3.3. Hydraulic Conductivity
Hydraulic conductivity refers to the ability to conduct water, or fluids in general. In tumors, blood perfusion is lower than in normal tissue due to the compression of the tumor mass, or due to a higher permeability of vessels
[11][12]. Thus, tumors are considered to have a lower hydraulic conductivity than regular tissue. Depending on the cause of the low hydraulic conductivity, vascular normalization occurs because of a decrease in vascular permeability, or vascular decompression to alleviate forces in the tumor
[11][12].
3.4. Adhesion Protein Expression
Adhesion proteins are cell membrane proteins that participate in interactions between cells (
Figure 3). PIVL, a serine proteinase inhibitor, presents as a monomeric polypeptide chain cross-linked by three disulfide linkages. PIVL has shown the ability to inhibit the adhesion, migration, motility, and invasion of GBM U87 cells. The anti-cancer effect of PIVL is attributed to its (41)RGN(43) motif
[13]. Another protein, P311, has also been proven to play a key role in GBM invasion. In human epidermal cells, P311 significantly accelerated cell migration in vitro and enhanced Rho GTPases activity when highly expressed. A RhoA-specific inhibitor and Rac1 inhibitor could both be used to significantly suppress P311-induced human epidermal cells
[14].
Figure 3. Adhesion and Genetic Mutation in GBM. Cellular membrane proteins play a role in individual GBM cell adhesion to the core tumor.
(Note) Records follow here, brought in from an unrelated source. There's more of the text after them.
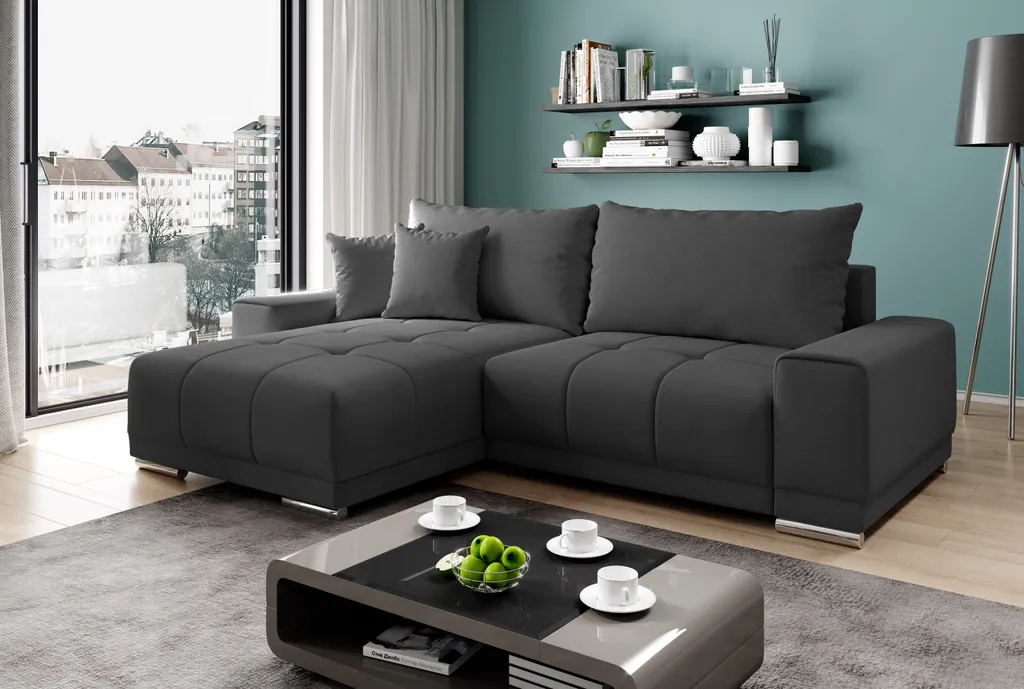 Die elegante Eckcouch in L-Form mit Schlaffunktion ist die ideale Lösung für ein Wohnzimmer oder ein größeres Apartment.
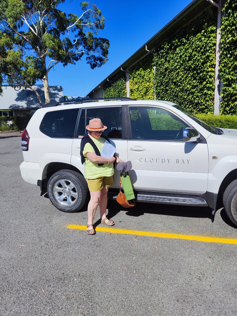 Cloudy Bay experience over, and having bought a nice bottle of wine and a new Cloudy Bay golf cap, Lynn attempts to get in to the wrong car for the journey home.
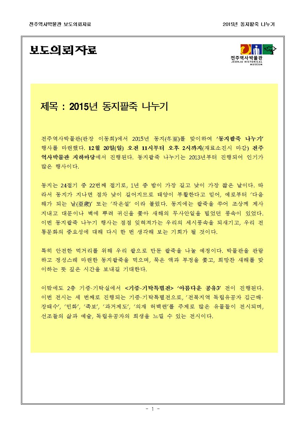 2015 동지팥죽나누기 보도의뢰자료
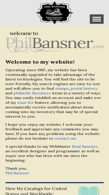 phil bansner is a professional philatelist buying and selling postal history, stamps and philatelic literature.
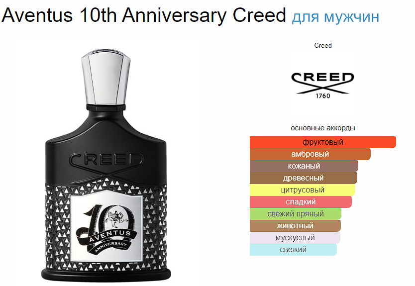 Марка Creed празднует 10-летие легендарного парфюма Aventus, выпуская обновленную композицию Creed Aventus 10th Anniversary. Дизайн специально разработанного флакона выполнен в новом «металлическом» стиле с историческими мотивами. Название парфюма выведено лентой для шитья, что является отсылкой к истории дома, известного своими моделями одежды. Серебряная крышка напоминает о богатом наследии бренда, превращая аромат в настоящий коллекционный артефакт.

However, through genetic mutation, GBM cells can induce an overexpression of hyaluronic acid, which serves as a ligand for CD-44 receptors. The CD-44 receptors activate SRC complexes that induces a shift to mesenchymal shift in GBM.
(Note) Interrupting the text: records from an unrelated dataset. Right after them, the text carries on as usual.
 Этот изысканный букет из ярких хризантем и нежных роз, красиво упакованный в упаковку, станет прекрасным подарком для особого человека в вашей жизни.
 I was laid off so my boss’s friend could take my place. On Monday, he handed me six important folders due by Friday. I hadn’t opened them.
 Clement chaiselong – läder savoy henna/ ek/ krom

4. Major Molecular Mechanisms Associated with Physical Forces in GBM
The researchers have reviewed 11 physical mechanisms involved in GBM aggression, recurrence, migration, and invasion and, in summary, the researchers identified 34 influential molecules and pathways. These molecular influencers were elucidated primarily via the analysis of human cell lines, and included G508, U373 MG, CD133+ GBM cells, U251, U87MG, U87, LN229, HGL21, U343, GL15, U118, and CC2565. The U87 cell lines were used most frequently in the reviewed studies. Three molecular pathways (Piezo/PIEZO1
[5], tenascin C
[15], and Talin-1
[16]) were found to be involved in altering GBM stiffness, one (tenascin
[11]) was involved in tensile forces, one (PHIP
[17]) was involved in traction, four (miR548
[18], caveolin-1, integrin-β1, and Rac1
[19]) were involved in compression, two (PIVL
[20] and P311/PTZ17
[13]) was involved in adhesion, ten (swelling-activated chloride current
[21], caveolin-1/CAVIN1, UPA, MMPS, AQP1
[22], Snail-1, Snail-2, N-cadherin, Twist, and vimentin
[23]) were involved in changes to cellular osmotic pressure, seven (Nestin, vimentin, actin filaments, vinculin, paxillin, and FAK
[24]) contributed to shear stress, two (collagen and hyaluronan
[25]) contributed to solid stress, and two (HAMLET
[12] and swelling-activated chloride currents
[26]) were involved in cellular volume changes. Most of the contributing molecular changes were not directly overlapping, though several contributed to more than one physical force: tenascin contributed to both stiffness and tensile forces; swelling-activated chloride channels impacted both changes to cellular osmotic pressure and cellular volume changes; vimentin influenced osmotic pressure and shear stress; hyaluronan impacted solids. The role of multiple molecular pathways influencing single cellular functions highlights GBM redundancy and suggests that the physical forces associated with more molecular pathways are critical to GBM survival. Furthermore, the diversity and variability of molecular changes to GBMs are telling of GBM’s robustness and adaptability.